A polêmica Medida Provisória que autoriza o plantio de soja transgênica na safra agrícola deste ano foi assinada no fim da noite de quinta-feira pelo presidente interino José Alencar.
Alencar relutou em assinar a MP por vários dias, e não escondeu o desconforto em ter de decidir sobre um tema que divide o governo, o Congresso Nacional e vários setores da sociedade. Diante de tamanha pressão, Alencar foi cauteloso. Antes de dar a palavra final sobre o tema, ouviu a posição das várias entidades envolvidas na questão dos transgênicos.
A MP valerá para todo o país, mas limita a plantação de soja transgênica à safra 2003/2004. As sementes geneticamente modificadas que não forem plantadas ou comercializadas até o dia 31 de dezembro de 2004, segundo a MP, terão que ser incineradas.
Os agricultores também terão que assinar um termo de compromisso, responsabilidade e ajustamento de conduta para garantir que a plantação siga as normas estabelecidas pelo governo.

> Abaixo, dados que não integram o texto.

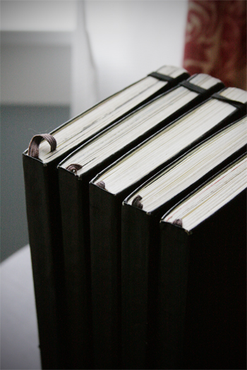 “I filled up the last page of my sketchbook/journal the other day and am looking forward to cracking open another fresh, new Moleskine notebook. I have been using these same journals for over five years now and get such a sense of accomplishment from seeing them all lined up on our bookshelf, knowing that between the simple, black, nondescript covers lie words, drawings, and mementos that detail some of my most precious memories and ideas….”

Entre as normas previstas, está a que proíbe que os agricultores comercializem sementes transgênicas em estados distintos aos que elas tenham sido produzidas. Esse item, na prática, limita o plantio ao estado do Rio Grande do Sul, mas foi a solução encontrada pelo governo para evitar que a MP fosse considerada inconstitucional ao permitir a plantação a um único estado.
Os agricultores que não seguirem as determinações da MP vão pagar multa da ordem de R$ 16 mil, prevista na Lei 10.688 de 2003 - que regulamentou o plantio de soja transgênica na safra 2002/2003. Os produtores rurais terão o prazo de 30 dias para assinar o termo de compromisso, que poderá ser adquirido nas agências do Correios, da Caixa Econômica Federal e do Banco do Brasil.
Os agricultores que não assinarem o documento e não seguirem as determinações da MP ficarão impedidos de obter empréstimos e financiamentos de instituições oficias de crédito, assim como não terão acesso a benefícios fiscais do governo.
Além disso, os produtores que causarem danos ao meio ambiente ou a terceiros - por contaminação decorrente de cruzamento de sementes transgênicas - responderão pela indenização ou pela reparação integral do dano, independente de existência de culpa do produtor.
A Medida Provisória também proíbe o plantio de soja transgênica nas áreas de unidades de conservação e proteção ambiental, e em terras indígenas.
A edição da MP frustrou a expectativa de setores ambientalistas que defendiam um estudo de impacto ambiental antes da liberação do plantio da soja transgênica. O texto não obriga a realização do estudo, apenas institui uma comissão de acompanhamento integrada por vários ministérios e órgãos de defesa do meio ambiente, como o Ibama e a Agência Nacional de Vigilância Sanitária (Anvisa) para supervisionar as determinações da MP.
Tema polêmico
A quinta-feira foi de intensas negociações no Palácio do Planalto. José Alencar ficou reunido do final da manhã até o início da noite com ministros e uma comissão de parlamentares que discute o tema junto ao governo.
A ministra do Meio Ambiente, Marina Silva, reiterou sua posição contrária à liberação dos transgênicos. Já o ministro da Agricultura, Roberto Rodrigues, defendeu o plantio para evitar prejuízos aos agricultores do Sul do país, que já possuem estoques de sementes geneticamente modificadas.
Os deputados Fernando Gabeira (PV-RJ) e Frei Sérgio (deputado estadual do PT-RS), integrantes da comissão de parlamentares que se reuniu com Alencar ao longo do dia, chegaram a abandonar o encontro depois de José Alencar ter revelado que realmente teria que assinar a MP.
"Saímos de forma fraternal. Apenas os nossos caminhos se separaram. Cada um com a sua história. Abandonamos o barco, agora vamos recuperá-lo adiante para evitar um estrago maior", disse Gabeira ao deixar a reunião.
À noite, houve mais uma tentativa de sensibilizar o presidente interino para não assinar a medida. Uma comissão de integrantes do Conselho Nacional de Meio Ambiente (Conama) foi ao Palácio do Planalto entregar a José Alencar uma moção, aprovada durante reunião do órgão, que faz um último apelo pela não liberação do plantio de transgênicos nesta safra. O Conama também entregou outra moção à ministra Marina Silva elogiando a sua postura contrária aos transgênicos.
Mesmo diante de tantos apelos contra a liberação dos transgênicos, Alencar acabou seguindo a determinação do presidente Luiz Inácio Lula da Silva que na quinta-feira, por telefone, já havia dado a orientação para que tomasse a decisão de liberar o plantio. A íntegra da Medida Provisória está publicada no Diário Oficial desta sexta-feira.